The grad values are typically larger for the tokens that occur more often (1 and 5 v 2 and 6) and zero for those that don’t appear (3, 4) and 0 for `padding_idx=0`

.

```
embed_pyt.weight.grad
```

```
tensor([[0.0000],
[0.0380],
[0.0080],
[0.0000],
[0.0000],
[0.0398],
[0.0347]])
```

`mask_zero`

in TensorFlow

This parameter serves a similar purpose to `padding_idx`

above

mask_zero: Boolean, whether or not the input value 0 is a special “padding” value that should be masked out. This is useful when using recurrent layers which may take variable length input. If this is True, then all subsequent layers in the model need to support masking or an exception will be raised. If mask_zero is set to True, as a consequence, index 0 cannot be used in the vocabulary (input_dim should equal size of vocabulary + 1).

However it works differently. It won’t affect the output of the embedding layer. Instead it will return a tensor that can be used for blocking the pad positions in subsequent layers.

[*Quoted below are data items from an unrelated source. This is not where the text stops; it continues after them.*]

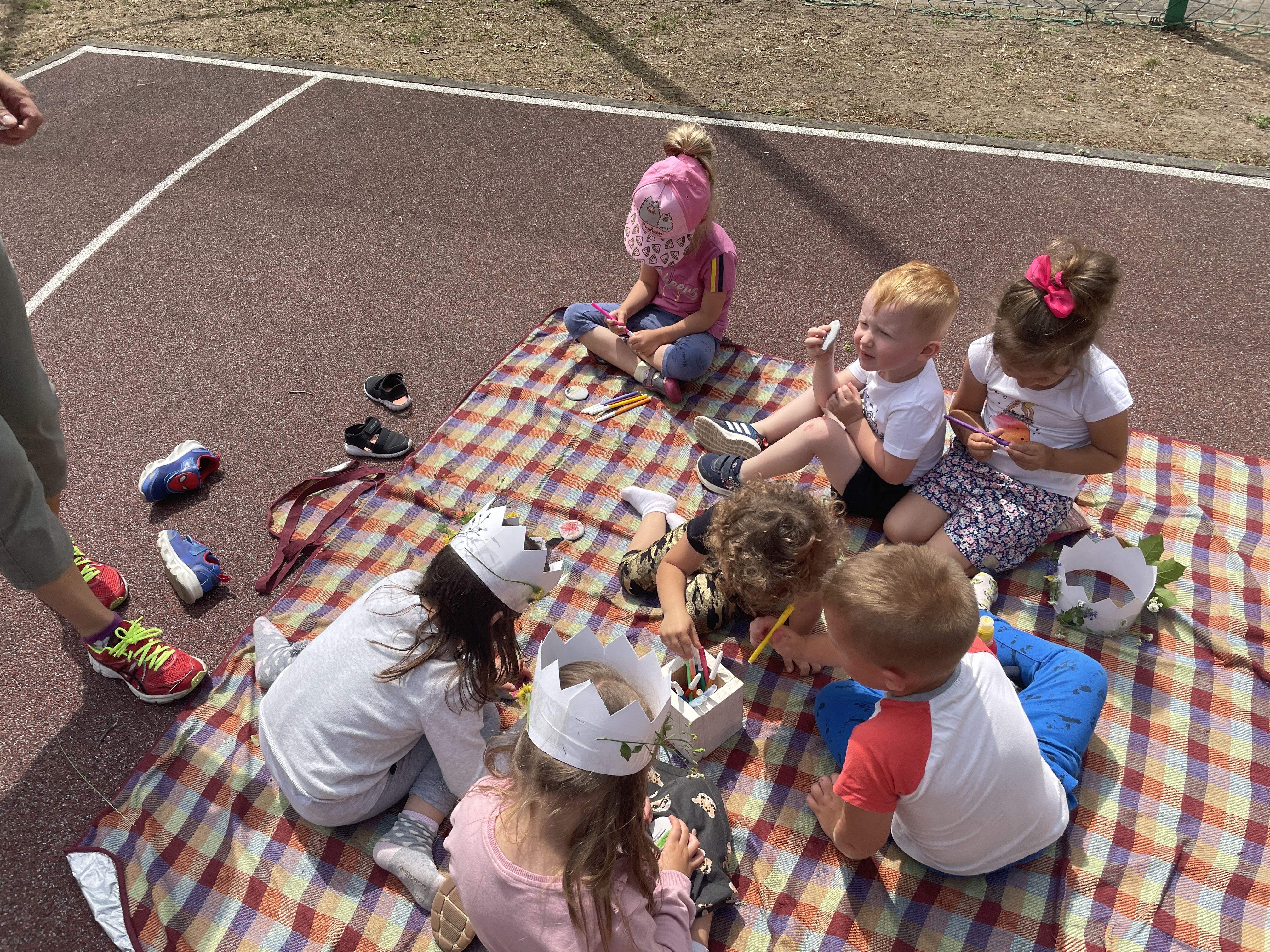 Później rozpoczęły się zabawy, które sprawiły wszystkim wiele radości – „Roślinne korony”, „Ozdabianie glinianych kamieni”, „Malowanie gałązek”, rzucanie balonami z wodą. Rodzice przygotowali dla dzieci pizzę oraz słodki poczęstunek w postaci babeczek i ciasta.
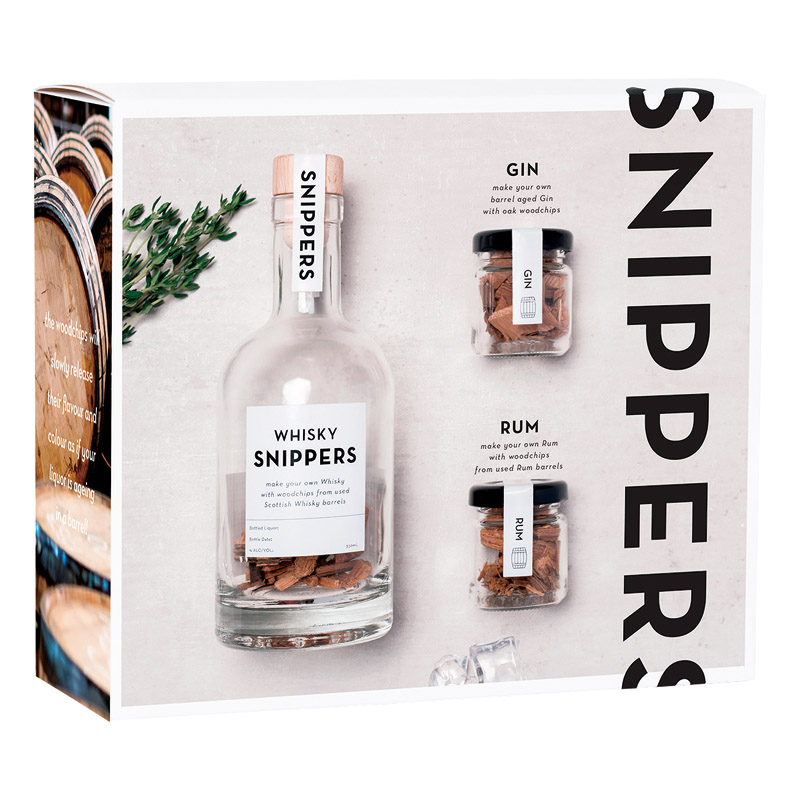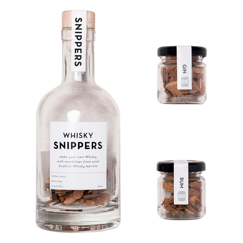 | コピー | ガラスボトルの中には最高級のお酒を造った後の樽を砕いたウッドチップが詰められており、ウォッカやドライジンなどの蒸留酒を加えると、時間をかけてまるで本物の木樽で蒸留酒を熟成させたような芳醇な風味と美しい琥珀色に変化します。ウッドチップはすべてオーク材を使用しています。すぐに使えるSNIPPERSウィスキーボトル1本と、2種のフレーバー(ジン・ラム)のリフィル(350ml用)が入った、愛飲家にはたまらないギフトセット。 |
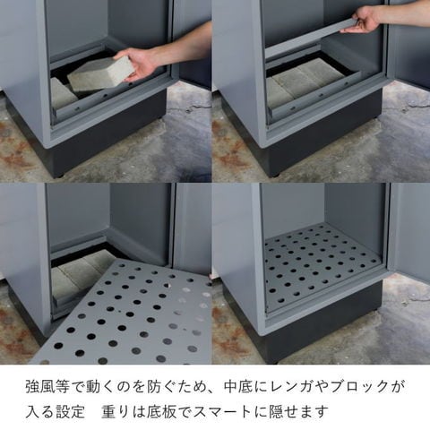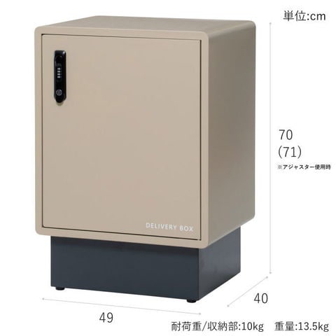 | 屋外物置としても活躍する宅配物を不在時に、荷物を受け取れる大容量宅配ボックス。忙しいあなたや、配達の方にも優しい商品です。 高級感が個性ある玄関を演出する宅配BOXです。 【大容量収納】 有効内寸が約幅42cm、奥行37cm、高さ49cmと非常に広く、120サイズの大きな荷物や同時に複数の荷物の配達が可能な宅配ボックスです。 【セキュリティー】 ダイヤルロックとシリンダー錠(ダイヤル解錠番号が分からなくなった際の緊急用)でドアの開閉が可能です。 【配達マニュアル付き】 キー、キーフック付印鑑ケース、宅配業者用の配達マニュアルが付属しており、お客様で追加でご用意頂くものは特に必要なく、すぐにご使用頂けます。 【デザイン】 底板を外すと重りを入れるスペースがあり、強風などで動いてしまうのを防ぎます。 脚部に地面固定用のアンカーボルト穴があり、地面と商品を固定することも可能です。 |
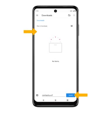 2. Navigate to the desired storage location, then select SAVE. Your contacts will be exported.
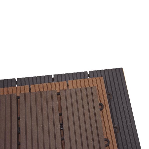 Los pavimentos de madera sintética o composite se diferencian de otros materiales por su resistencia en exteriores y durabilidad, con un acabado en marrón que le proporciona elegancia y belleza natural tanto en pavimentos de interior como exterior. Fácil de instalar 30x30x2 cm. Color antracita.
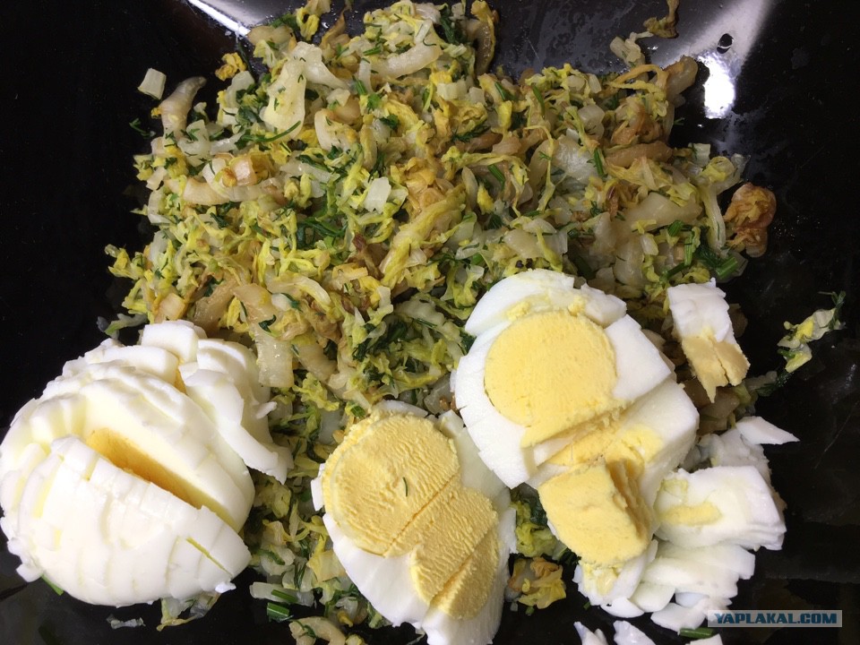 Соединим нашу начинку : в обжаренную капусту добавим рубленные яйца, зелень.
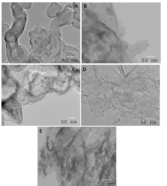 Figure 4. TEM images of g-C3N4 and Fe2O3@ g-C3N4 nanocomposites, where (A) g-C3N4; % (B) Fe2O3@ g-C3N4-1 wt%;(C) Fe2O3@ g-C3N4 -2 wt%; (D) Fe2O3@ g-C3N4 -3 wt% and (E) Fe2O3@ g-C3N4 -4 wt% samples

First let us construct a similar model in TensorFlow reusing the input from before

```
embed_tf = tf.keras.layers.Embedding(embed_size, 1, mask_zero=True)
inp_tf = tf.convert_to_tensor(arr)
```

Now we will create simpled masked wrapper for `Dense`

the equivalent of `Linear`

in PyTorch.

```
class MaskedDense(tf.keras.layers.Dense):
def call(self, inputs, mask=None):
if mask is not None:
return super(MaskedDense, self).call(inputs * tf.cast(mask[..., None], tf.float32))
return super(MaskedDense, self).call(inputs)
lin_tf = MaskedDense(1, use_bias=False, kernel_initializer=
tf.constant_initializer(lin_pyt.weight.detach().numpy()))
```

Now get the outputs and gradients

```
with tf.GradientTape() as tape:
z = lin_tf(embed_tf(inp_tf))
z2 = tf.reduce_sum(z * weight.numpy())
grad = tape.gradient(z2, embed_tf.trainable_variables[0])
```

Note that the **weights** here are **not** zero for the padding index of 0.

```
embed_tf.weights[0]
```

```
<tf.Variable 'embedding/embeddings:0' shape=(7, 1) dtype=float32, numpy=
array([[ 0.01041734],
[ 0.04714436],
[ 0.04238981],
[ 0.01394412],
[ 0.00850029],
[-0.0347899 ],
[ 0.00357641]], dtype=float32)>
```

What about the gradients?

```
grad
```

```
<tensorflow.python.framework.indexed_slices.IndexedSlices at 0x7fd851f25dc0>
```

The gradient for `Embedding`

is an instance of IndexedSlices so we need to reconstruct tensor from it.

```
tf.scatter_nd(grad.indices[:, None], grad.values, tf.cast(grad.dense_shape, tf.int64))
```

```
<tf.Tensor: shape=(7, 1), dtype=float32, numpy=
array([[0. ],
[0.03796878],
[0.00800363],
[0. ],
[0. ],
[0.03977239],
[0.03467343]], dtype=float32)>
```

As expected the **gradient** for 0 **does** have a value of zero.